* PROBLEM TO WORK ON: The pictures must be left out, while the rest of the data is copied exactly.

[DATA Boundary: Start]

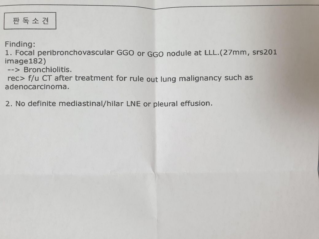 폐CT상 세기관지염 소견이 있으나 염증으로 인해 감별이 어려우므로 치료 후 악성질환 동반 여부 배제를 위한 추적검사를 권하고 있습니다.
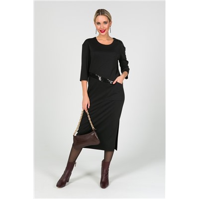 Элегантное платье прямого кроя из трикотажного полотна. Округлая горловина на внутренней обтачке. Втачные рукава длинной 3/4. Перед оформлен лампасами с пайетками и накладным карманом сбоку. Модель без молнии. Низ ровный, сбоку разрез. Идеальный вариант для любых случаев.
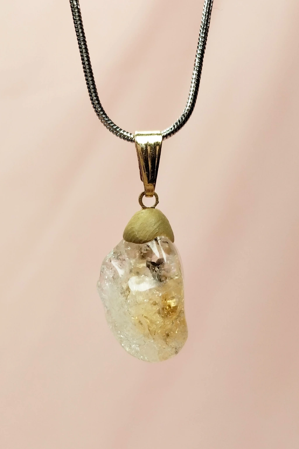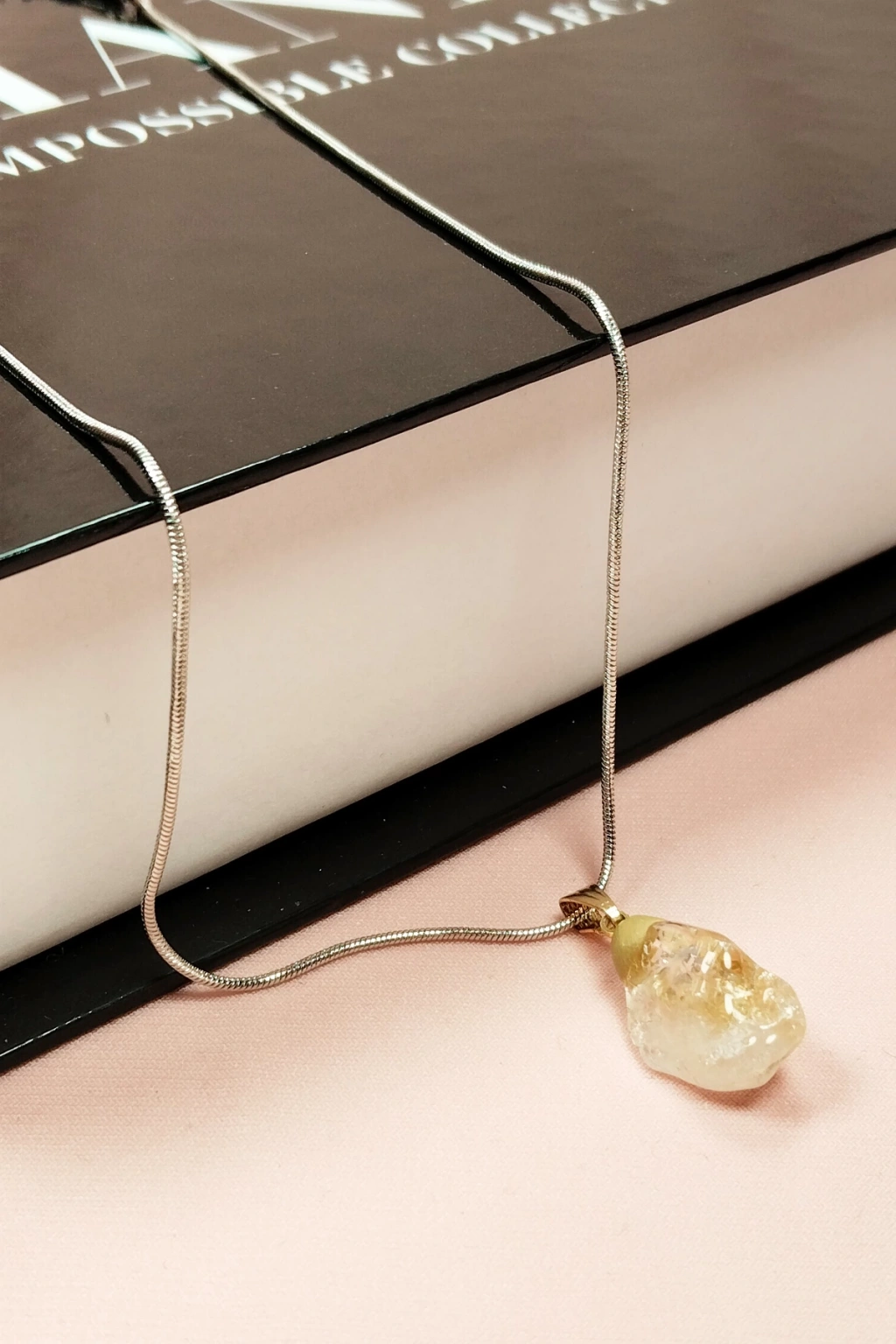 Sitrin Doğal Taşı Zincirli El Yapımı Kolye Uç: 2 Cm Zincir: 20 Cm Kutulu

[DATA Boundary: End]

* EXERCISE OUTPUT:
 폐CT상 세기관지염 소견이 있으나 염증으로 인해 감별이 어려우므로 치료 후 악성질환 동반 여부 배제를 위한 추적검사를 권하고 있습니다.
 Элегантное платье прямого кроя из трикотажного полотна. Округлая горловина на внутренней обтачке. Втачные рукава длинной 3/4. Перед оформлен лампасами с пайетками и накладным карманом сбоку. Модель без молнии. Низ ровный, сбоку разрез. Идеальный вариант для любых случаев.
 Sitrin Doğal Taşı Zincirli El Yapımı Kolye Uç: 2 Cm Zincir: 20 Cm Kutulu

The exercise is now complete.